— Тебе помочь?

— Обойдусь без рафинированных снобов.

Ха! Ничего, моё дело предложить. Я ожидал фиаско, однако Барби перевернула ёлку — она грохнулась на пол с диким шумом и скрежетом, а потом споро заработала отвёрткой. И елка встала. Игрушки у деда были, целая коробка.

Елка после волочения и падения немного примялась, и выглядела так себе, особенно, если вспомнить, что она голубая, но Барби это нисколько не смущало. Уселась на пол, сидит, игрушки сортирует. Красные шары. Голубые. Все стекло, ещё советского производства. Крошечный дед Мороз на верёвочке. Домик с заснеженной крышей…

Я давно понял, что мы с Барби не одного поля ягоды. И дело не в том, что кто-то хуже, кто-то лучше, просто — разные. А сейчас… она словно про меня забыла. Достала моток гирлянды, включила в розетку. Огоньки мигают разноцветными всполохами, словно в догонялки играют на её коже. В руках — игрушка. Она внимательно её рассматривает, о чем думает, интересно? Уж явно не о том же, о чем я.

Я думал об упущенных возможностях. Вспомнил то самое лето. Мне восемнадцать, ей шестнадцать. А она такая… красивая. Просто невозможно. Нет таких слов, чтобы описать мягкий цвет её загорелой кожи, пряди выбеленных солнцем волос… как описать смешинку, что жила в её глазах? Никак. Казалось, она была готова смеяться по любому поводу. Губы изгибались в улыбке, влажно блестели белые зубы. Она вся такая была… как из сказки. Из очень неприличной сказки. Невозможная и недостижимая. Глупая и ветреная маленькая эгоистка.
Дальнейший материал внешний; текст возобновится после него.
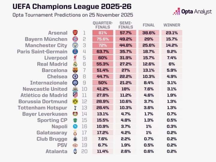 Opta最新欧冠夺冠概率:阿森纳23.09%第一,拜仁曼城巴黎分列2-4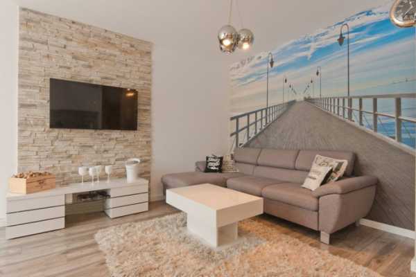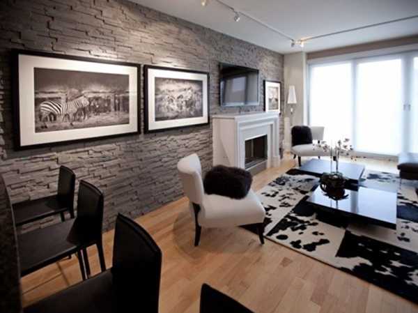 Из-за того, что большинство квартир не может похвастаться просторными комнатами и высокими потолками, декоративный камень лучше использовать при оформлении коттеджей и частных домов. Если же вы все-таки желаете привнести в облик своей квартиры (пускай даже малогабаритной) нотку монументальности и вместе с тем уюта, при грамотном подходе каменная кладка может быть использована и здесь. Вот несколько примеров ее использования в типичной городской квартире:

В глазах у неё не только смех и чувство превосходства над всеми. Там наркотик. Я никогда не баловался наркотой, мне это не нужно было, но уверен — действие такое же. Когда ещё и ещё хочется. И хорошо, и больно. И кажется, что в пропасть летишь, остановиться невозможно, исход — летальный, много не дано. Наркотики вообще до хорошего не доводят.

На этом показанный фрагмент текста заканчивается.